Adelia Vesuvia, our sleuth, is a forensic physician in a time when I didn't know such existed. The twelfth century is a time period I find extremely fascinating. I've read a fair bit about this time, focusing on English and French history and the Crusades (those horrific events!); Catholic Church history at this time, when the schism from Eastern Orthodoxy was new and the invention of religious primacy in matters of the state was being consolidated, is also an interest of mine.
This book's evocation of that time is appealing to me precisely because it's relatively new to my somewhat jaded sensibilities. Salerno as the primary focus of Western medicine is a well-trodden path; the fact that Salernitan physicians could be women is not well-trodden, and the simple IDEA of forensics in this time...! Irresistable pulls for me, the historian-who-hated-school.
So I was disposed from the giddy-up to like the book. The author's execution was the primary unknown quantity for me. I am thrilled and delighted with the execution because the characters, while displaying anachronistic ideas and ideals, are quite believably constructed and supplied with plausible motivations for their divergent social attitudes. I can willingly suspend my disbelief at every turn where the story requires me to do so. That's very high praise from me!
Characterization, in a series mystery, is make-or-break.
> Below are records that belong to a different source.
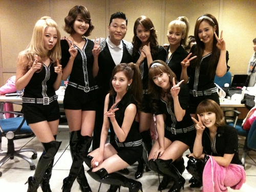 가수 싸이와 걸그룹 소녀시대가 함께 다정한 포즈를 취했다.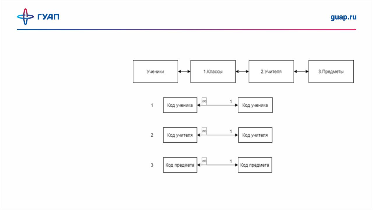 Классы: Код класса Предметы: Код предмета Ученики: Код учителя Учителя: Код учителя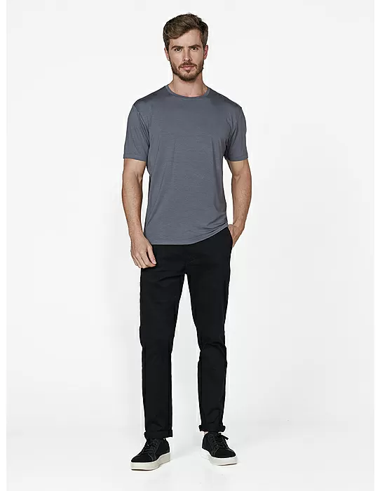 Oferece alta performance com conforto e versatilidade. Sua composição tecnológica, 95% modal 5% elastano, proporciona frescor, flexibilidade e toque suave. Perfeita para o dia a dia, ela garante liberdade de movimento e é resistente a desgaste, mantendo a peça com aspecto impecável por mais tempo. A fibra de modal desempenha um papel essencial no conforto e desempenho da matéria-prima.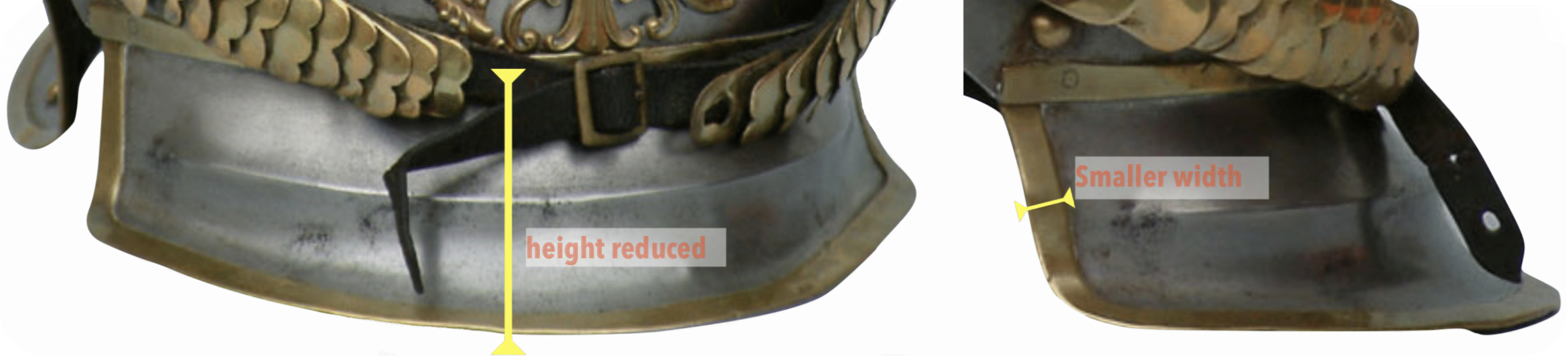 Since the load for the horses of the cuirassiers seemed too high, great efforts were made in the middle of the 19th century to reduce the weight of the cuirassier equipment. In this context, the cuirassier helmet was also changed, so that on 7.10.1862 a new type M1862 was introduced for enlisted men and officers: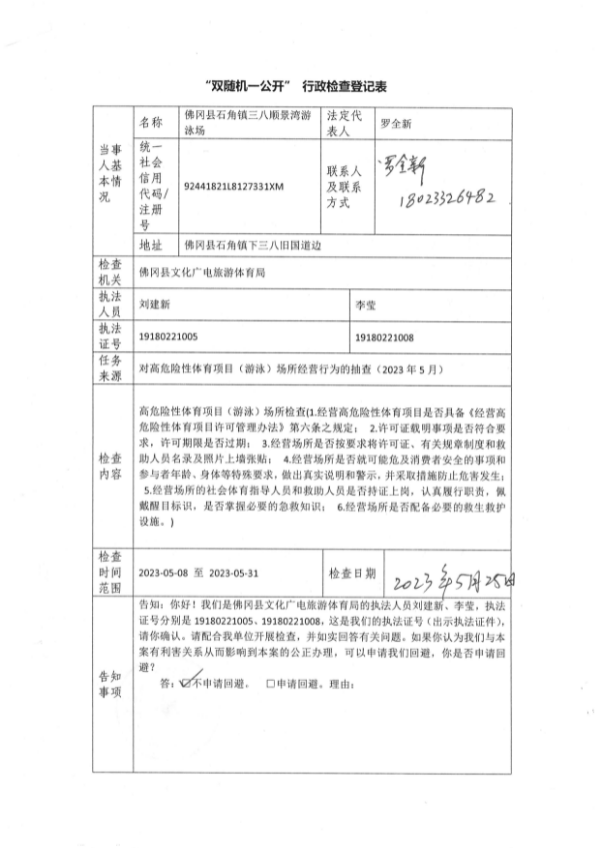 2023年5月25日,佛冈县文化广电旅游体育局根据“双随机、一公开”精神,对清献崔公祠、佛冈县石角镇三八顺景湾游泳场进行了行政检查。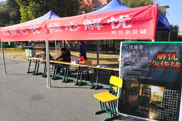 为了更好的了解同学们的心理问题,给同学们解决困扰,11月20日上午金沙威尼斯官网心理协会在5号男生宿舍楼下举办“知我心忧,倾心解忧”解忧杂货铺活动,本次活动于11月22日结束。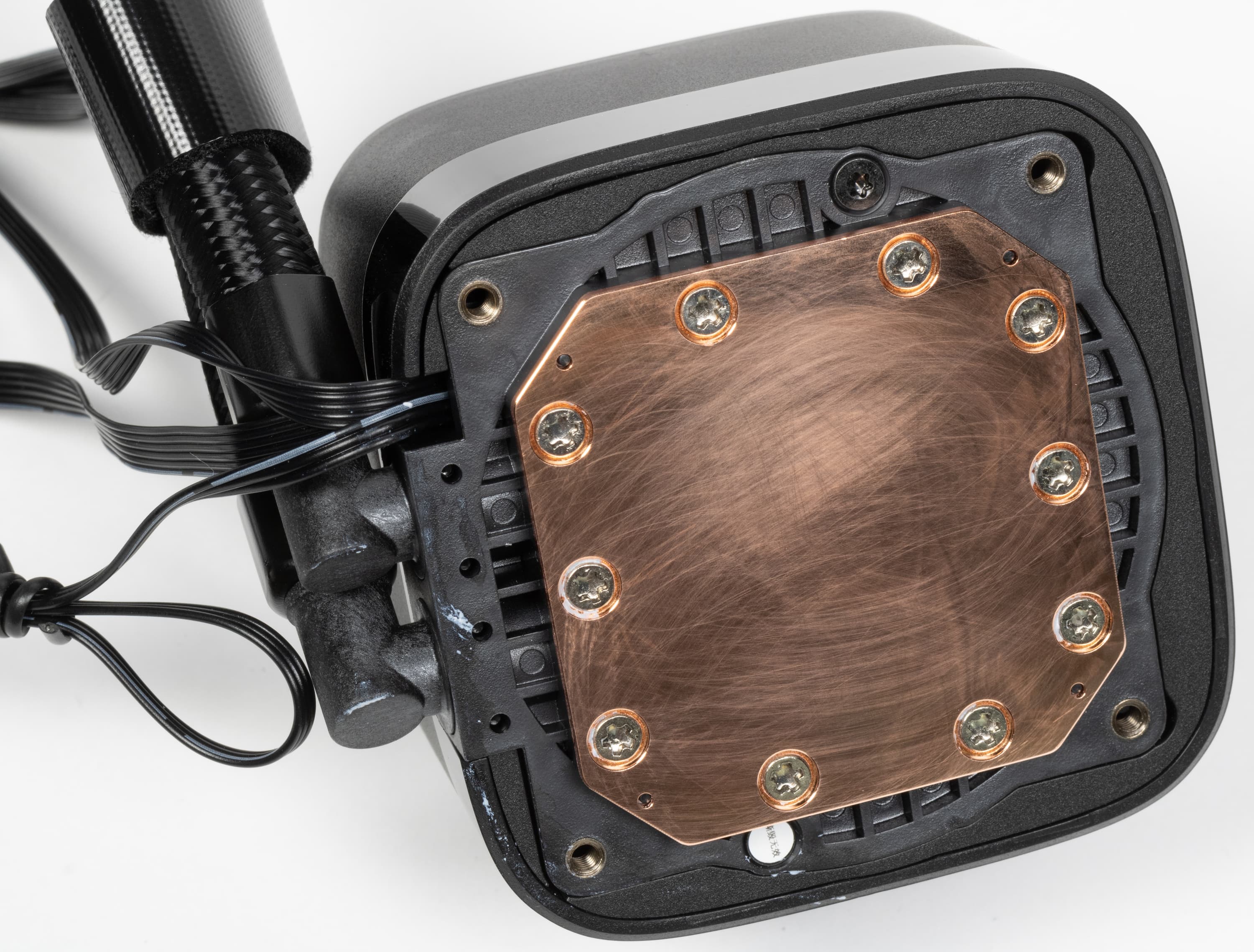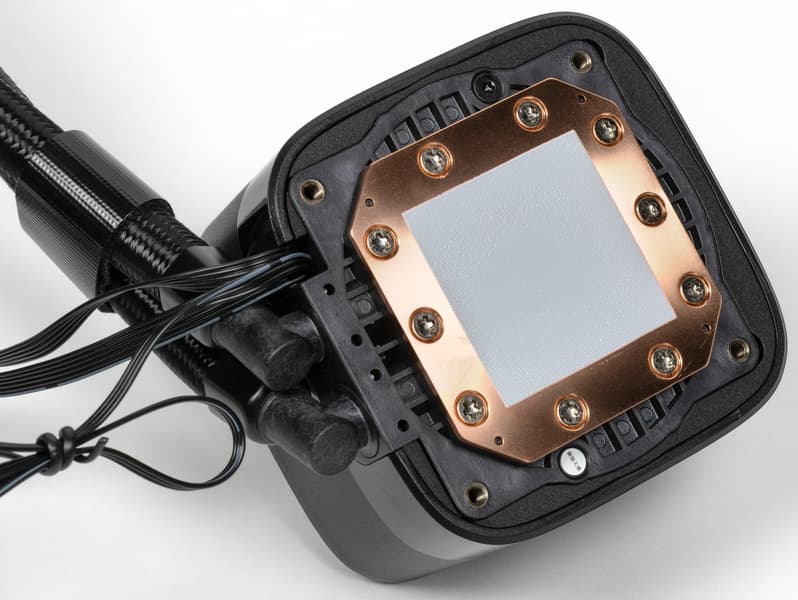 Система герметичная, заправлена, готова к использованию. Помпа интегрирована в один блок с теплосъемником. Подошвой теплосъемника, непосредственно прилегающей к крышке процессора, служит медная пластина. Ее внешняя поверхность ровная, шлифованная и слегка полированная. К центру она выпуклая с перепадом порядка 0,2—0,3 мм.
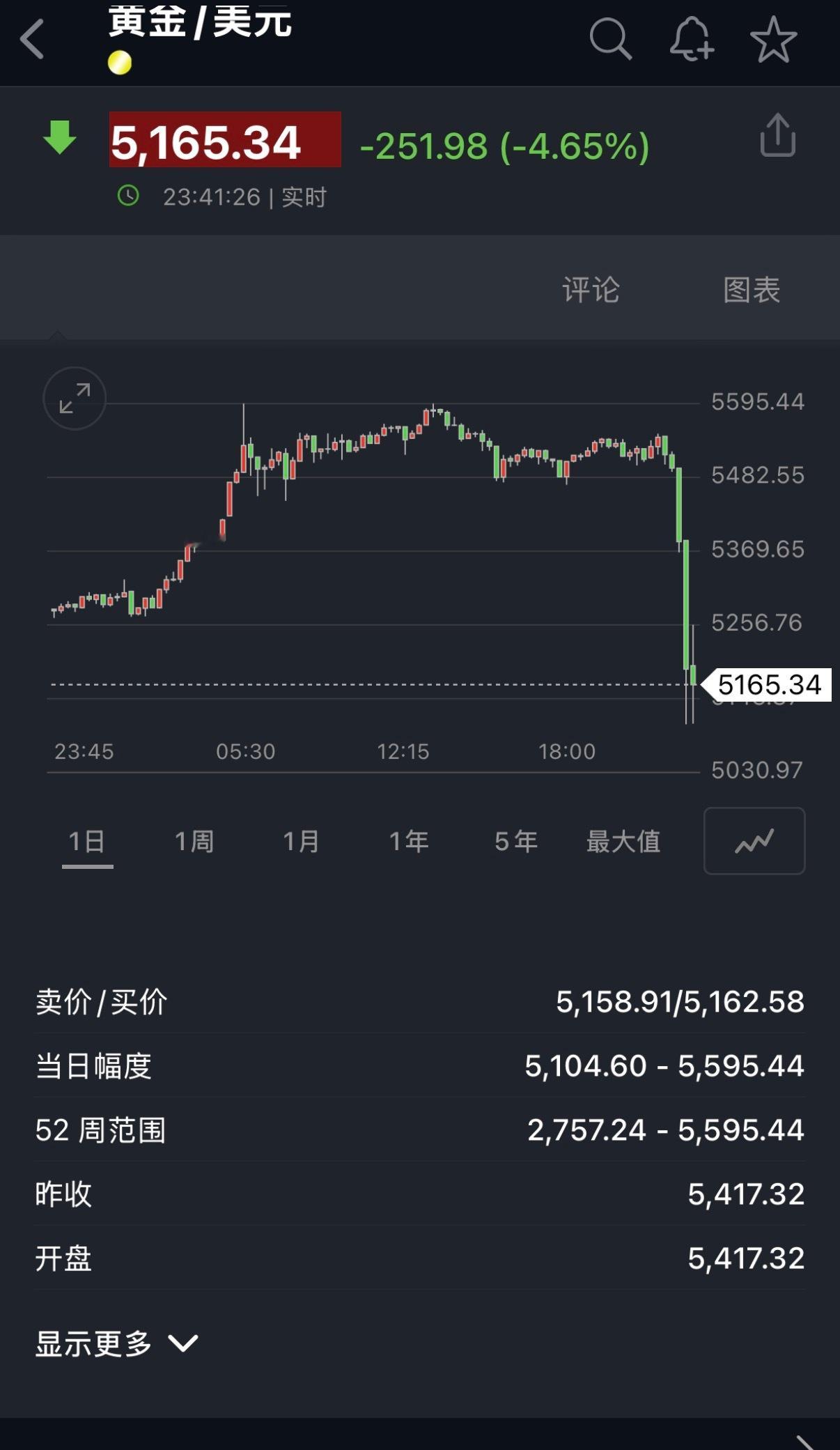 🔻现货黄金跌幅扩大,最新下跌 4%至每盎司 5150.49 美元。🔻仓位过于拥挤了(以上不是投资参考)金价海外新鲜事热点现场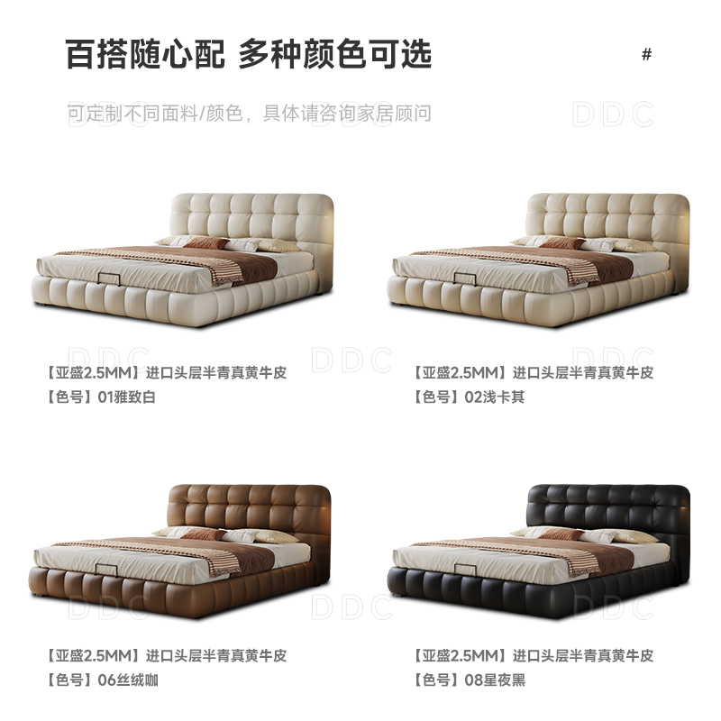 DDC意式 双人床1.8米大床婚床 极简泡芙真皮床现代简约软包2025新款

Do I, the reader, like this group of people enough to continue inviting them out to dinner? (The price of a hardcover book being equivalent to the price of an entree at a tablecloth restaurant; the trade paper to an entree at Applebee's or TGIFriday's; the rack-size to a value meal at the local McDonald's; which restaurant am I willing to take these characters to?) The answer, while unique to each individual, is the source of the publisher's and author's income. It behooves all parties to the preparation and publication of a mystery to consider this. The good people at Putnam, a tentacle of the Penguin empire, have done a very very good job of making this assessment and bringing a solid, interesting cast of regulars to my table at Le Cirque.
Sir Rowley, Adelia Vesuvia's English suitor, is a fine example. He's three dimensional in his pursuit of her, not simply presented as out to get some one thing; I think of some of the characters in Ellis Peters' Brother Cadfael mysteries as contrasts to this quality of characterization. We're given to understand that Sir Rowley has goals and ambitions that Adelia Vesuvia can both forward and threaten in equal measure. His ultimate place in her life, and her in his, isn't a foregone conclusion. Both characters are presented as struggling with what the other means to them on multiple planes. That's just plain good storytelling. It will keep me buying hardcovers as long as Franklin keeps doing it.
The minor characters, eg Gyltha the housekeeper and Mansur the Moor, are deftly drawn as well. They don't, in contrast to many series mysteries, come across as convenient mouth-pieces for the author's needed plot developments. (*cough*PhryneFisher'sDot*cough*)
Finally, the integration of real political developments like Henry II's move to take control of the Church's legal framework in his empire, is seamless enough to take a moment to recall as factual instead of created. It's necessary to move this plot forward. But it's also the historical reality. Well done, madam! Seldom achieved in fiction, still less the less-respected "genre" fiction that mysteries are published as.
This is a four-and-a-half star recommended book. Sally forth and procure it from yon bookery.